September 25th, 2008

ronin

SEAforth 40C18 CPU ships. 40 cores, <9 mW per core at full speed.


IntellaSys has unveiled its SEAforth 40C18, a 40-core multicore processor designed for embedded wireless, portable, and distributed data processing applications. The SEAforth 40C18 is an array of 40 fully functional CPUs operating asynchronously, each of the cores a complete computer, with its own ROM, RAM, and interprocessor communication. Together they can deliver up to 26 billion operations per second.

With what IntellaSys claims is the smallest core size design (0.13 mm2), the SEAforth processor consumes 28 times less power while running 240 times faster than competing architectures.

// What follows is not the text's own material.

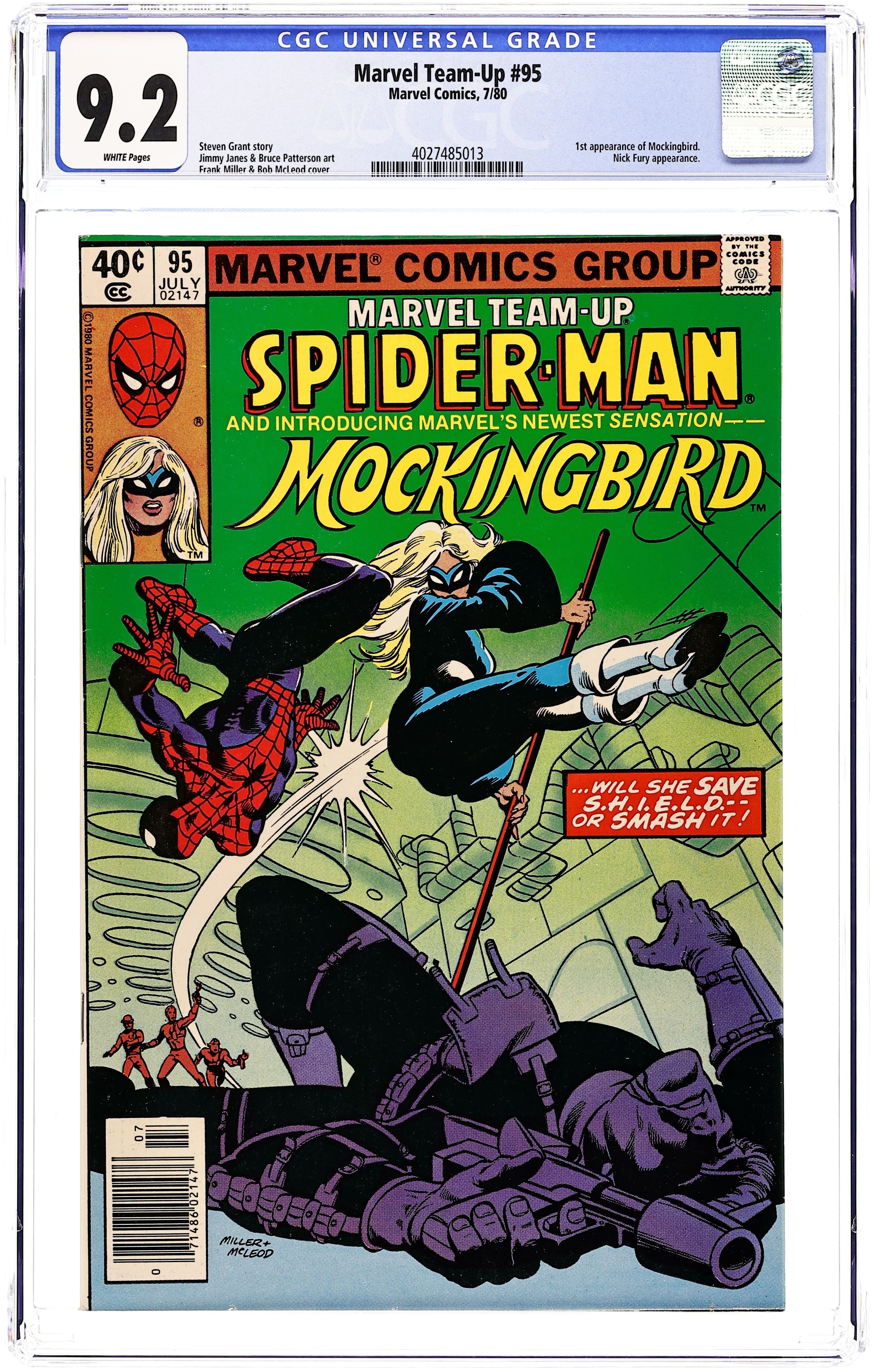 Starts Dec 8 Direct Edition. "And No Birds Sing!" Guest-starring Spider-Man and Mockingbird (1st appearance). Script by Steven Grant. Art by Jimmy James (breakdowns) and Bruce Patterson (finishes). Cover by Frank Miller and Bob McLeod. A rogue SHIELD branch director tricks the web-slinger into believing that Nick Fury's life is in jeopardy! Specifically, from a former SHIELD operative...Barbara Morse! However, Mockingbird is actually trying to save Nick Fury. Will Spider-Man realize that in time? First appearance of Bobbi Morse as Mockingbird. (Notes: After a cameo appearance in Contest of Champions 1, Mockingbird appears next in the first Hawkeye Limited Series published in 1983. The letters page contains a brief essay from Mark Gruenwald about the creation of Mockingbird.) 36 pages. Cover price $0.40.

By creating a RAM and ROM on each core, individual cores run at the full native speed of the silicon instead of being throttled down to a slower external system clock frequency. The automatic synchronization feature between cores allows the processors to share the computing load by talking to each other to pass data, status signals and even code blocks. When individual CPUs are not active, they automatically shut down or sleep.

The processor will be offered with VentureForth, a Forth-based IDE that includes fully interactive programming, testing, and debugging facilities. VentureForth includes compilers for both Windows and Linux and a simulator for debugging, and contains low-level primitives as well as the high-level tools necessary to map programs across the array of cores in a SEAforth processor. The SEAforth 40C18 is capable of executing 80 percent of its VentureForth instructions in 1.38 nanoseconds while drawing 7mW of power or less per CPU.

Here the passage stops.